Reducing image pull latency on Kubernetes#

This guide outlines strategies to reduce image pull latency for Ray clusters on Kubernetes. Some of these strategies are provider-agnostic so you can use them on any Kubernetes cluster, while others leverage capabilities specific to certain cloud providers.

Image pull latency#

Ray container images can often be several gigabytes, primarily due to the Python dependencies included. Other factors can also contribute to image size. Pulling large images from remote repositories can slow down Ray cluster startup times. The time required to download an image depends on several factors, including:

Whether image layers are already cached on the node.
The overall size of the image.
The reliability and throughput of the remote repository.

Strategies for reducing image pulling latency#

The following sections discuss strategies for reducing image pull latency.

Preload images on every node using a DaemonSet#

You can ensure that your Ray images are always cached on every node by running a DaemonSet that pre-pulls the images. This approach ensures that Ray downloads the image to each node, reducing the time to pull the image when a Ray needs to schedule a pod.

The following is an example DaemonSet configuration that uses the image rayproject/ray:2.40.0:

apiVersion: apps/v1
kind: DaemonSet
metadata:
  name: ray-image-preloader
  labels:
    k8s-app: ray-image-preloader
spec:
  selector:
    matchLabels:
      k8s-app: ray-image-preloader
  template:
    metadata:
      labels:
        name: ray-image-preloader
        k8s-app: ray-image-preloader
    spec:
      containers:
      - image: rayproject/ray:2.40.0
        name: ray-image-preloader
        command: [ "sleep", "inf" ]

Note: Ensure that the image tag that you use in the Daemonset is consistent with the Ray images your Ray cluster uses.

Preload images into machine images#

Some cloud providers allow you to build custom machine images for your Kubernetes nodes. Including your Ray images in these custom machine images ensures that Ray caches images locally when your nodes start up, avoiding the need to pull them from a remote registry. While this approach can be effective, it’s generally not recommended, as changing machine images often requires multiple steps and is tightly coupled to the lifecycle of your nodes.

Use private image registries#

For production environments, it’s generally recommended to avoid pulling images from the public internet. Instead, host your images closer to your cluster to reduce pull times. Cloud providers like Google Cloud and AWS offer services such as Artifact Registry (AR) and Elastic Container Registry (ECR), respectively. Using these services ensures that traffic for image pulls remains within the provider’s internal network, avoiding network hops on the public internet and resulting in faster pull times.

Enable Image streaming (GKE only)#

If you’re using Google Kubernetes Engine (GKE), you can leverage Image streaming.

With Image streaming, GKE uses a remote filesystem as the root filesystem for any containers that use eligible container images. GKE streams image data from the remote filesystem as needed by your workloads. While streaming the image data, GKE downloads the entire container image onto the local disk in the background and caches it. GKE then serves future data read requests from the cached image. When you deploy workloads that need to read specific files in the container image, the Image streaming backend serves only those requested files.
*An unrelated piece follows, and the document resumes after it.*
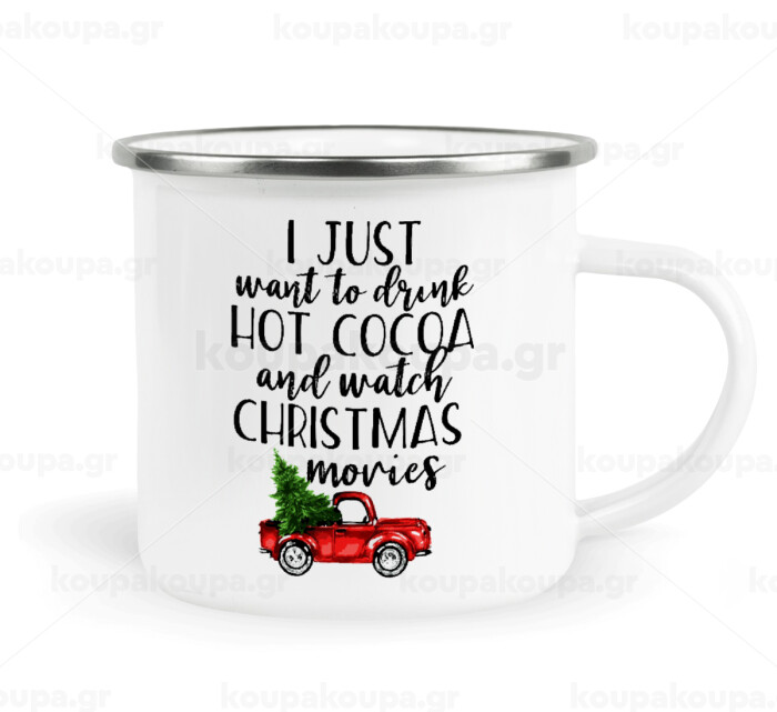 I just want to drink hot cocoa and watch christmas movies pickup car, Κούπα Μεταλλική εμαγιέ λευκη 360ml

Only container images hosted on Artifact Registry are eligible for Image streaming.

Note: You might not notice the benefits of Image streaming during the first pull of an eligible image. However, after Image streaming caches the image, future image pulls on any cluster benefit from Image streaming.

You can enable Image streaming when creating a GKE cluster by setting the --enable-image-streaming flag:

gcloud container clusters create CLUSTER_NAME \
    --zone=COMPUTE_ZONE \
    --image-type="COS_CONTAINERD" \
    --enable-image-streaming

See Enable Image streaming on clusters for more details.
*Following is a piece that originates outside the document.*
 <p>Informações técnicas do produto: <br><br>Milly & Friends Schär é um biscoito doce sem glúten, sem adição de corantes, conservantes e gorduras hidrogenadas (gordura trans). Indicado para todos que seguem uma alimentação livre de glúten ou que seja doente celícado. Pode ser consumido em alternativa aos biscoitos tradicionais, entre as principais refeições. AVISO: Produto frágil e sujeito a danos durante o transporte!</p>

Enable secondary boot disks (GKE only)#

If you’re using Google Kubernetes Engine (GKE), you can enable the secondary bootdisk to preload data or container images.

GKE enables secondary boot disks per node pool. Once enabled, GKE attaches a Persistent Disk to each node within the node pool. The images within the Persistent Disk are immediately accessible to containers once Ray schedules workloads on those nodes. Including Ray images in the secondary boot disk can significantly reduce image pull latency.

See Prepare the secondary boot disk image for detailed steps on how to prepare the secondary boot disk. See Configure the secondary boot disk for how to enable secondary boot disks for your node pools.